_INFORMATION SUPPLIED:_

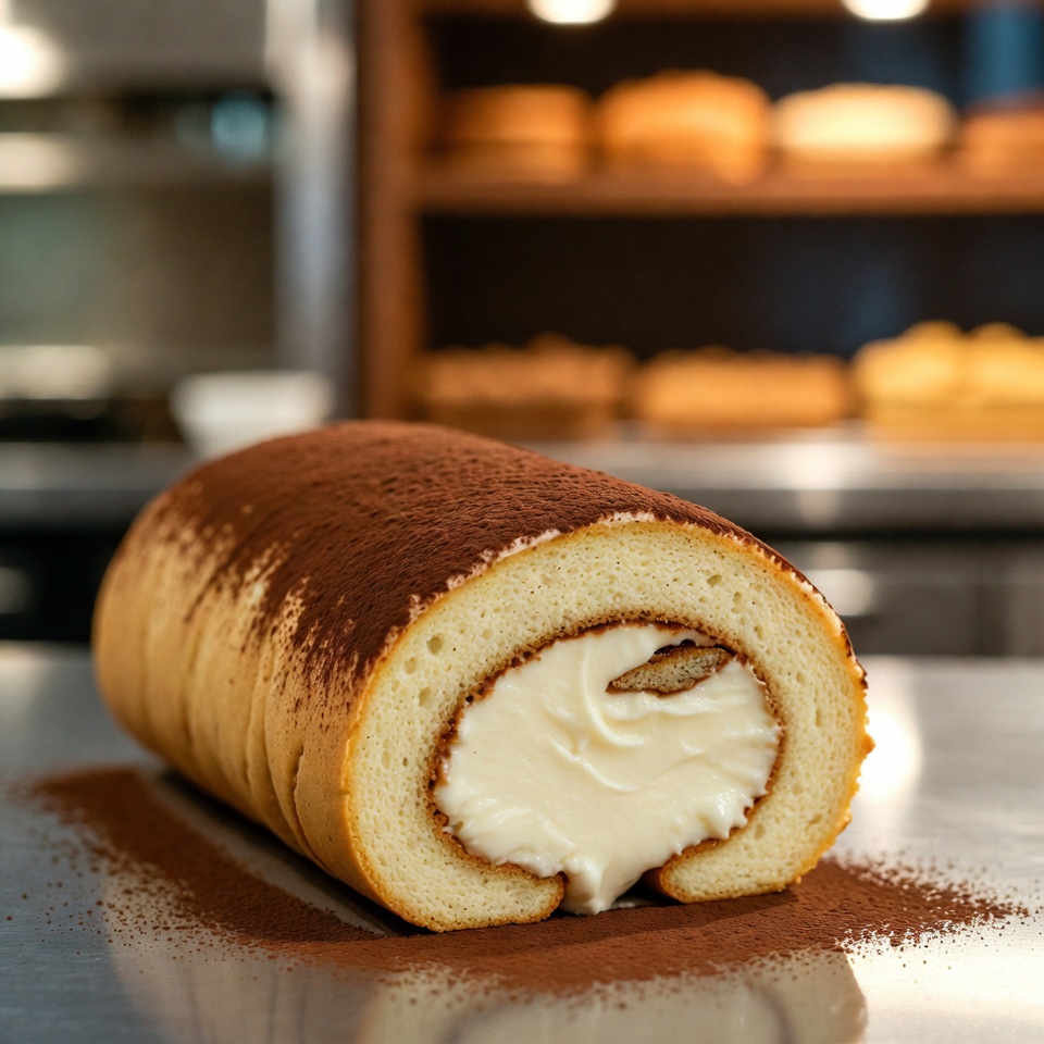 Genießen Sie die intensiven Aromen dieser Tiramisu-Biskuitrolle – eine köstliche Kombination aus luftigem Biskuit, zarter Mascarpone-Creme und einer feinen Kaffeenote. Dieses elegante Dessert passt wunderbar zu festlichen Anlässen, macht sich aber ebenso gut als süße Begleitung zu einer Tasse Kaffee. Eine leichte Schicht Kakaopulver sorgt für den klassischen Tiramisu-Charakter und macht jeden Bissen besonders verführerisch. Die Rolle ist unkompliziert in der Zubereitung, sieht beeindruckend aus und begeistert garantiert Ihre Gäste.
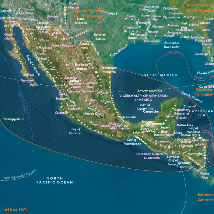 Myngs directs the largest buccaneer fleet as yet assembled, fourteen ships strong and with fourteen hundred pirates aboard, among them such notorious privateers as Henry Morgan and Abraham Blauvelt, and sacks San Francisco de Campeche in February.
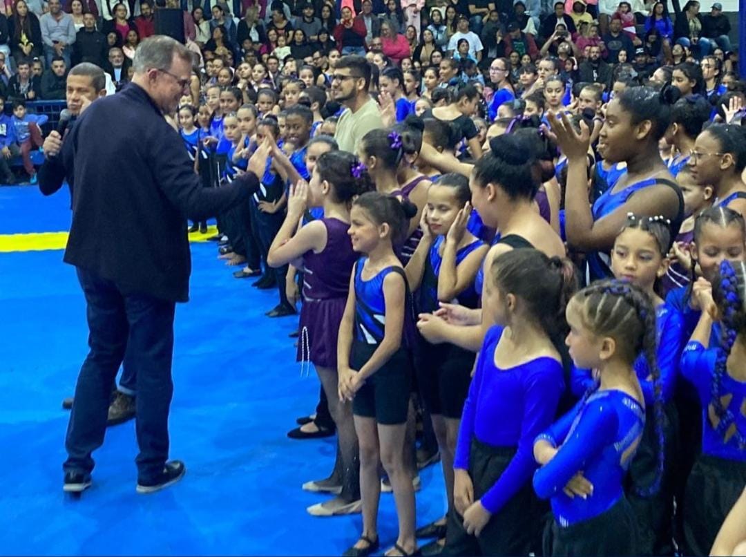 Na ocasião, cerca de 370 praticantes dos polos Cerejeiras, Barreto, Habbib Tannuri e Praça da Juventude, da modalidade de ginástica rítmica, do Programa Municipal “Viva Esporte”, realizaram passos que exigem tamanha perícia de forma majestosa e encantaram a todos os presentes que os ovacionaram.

_TASK TO COMPLETE:_ This task asks for the data above repeated exactly, without a single picture.

_TASK OUTPUT:_
 Genießen Sie die intensiven Aromen dieser Tiramisu-Biskuitrolle – eine köstliche Kombination aus luftigem Biskuit, zarter Mascarpone-Creme und einer feinen Kaffeenote. Dieses elegante Dessert passt wunderbar zu festlichen Anlässen, macht sich aber ebenso gut als süße Begleitung zu einer Tasse Kaffee. Eine leichte Schicht Kakaopulver sorgt für den klassischen Tiramisu-Charakter und macht jeden Bissen besonders verführerisch. Die Rolle ist unkompliziert in der Zubereitung, sieht beeindruckend aus und begeistert garantiert Ihre Gäste.
 Myngs directs the largest buccaneer fleet as yet assembled, fourteen ships strong and with fourteen hundred pirates aboard, among them such notorious privateers as Henry Morgan and Abraham Blauvelt, and sacks San Francisco de Campeche in February.
 Na ocasião, cerca de 370 praticantes dos polos Cerejeiras, Barreto, Habbib Tannuri e Praça da Juventude, da modalidade de ginástica rítmica, do Programa Municipal “Viva Esporte”, realizaram passos que exigem tamanha perícia de forma majestosa e encantaram a todos os presentes que os ovacionaram.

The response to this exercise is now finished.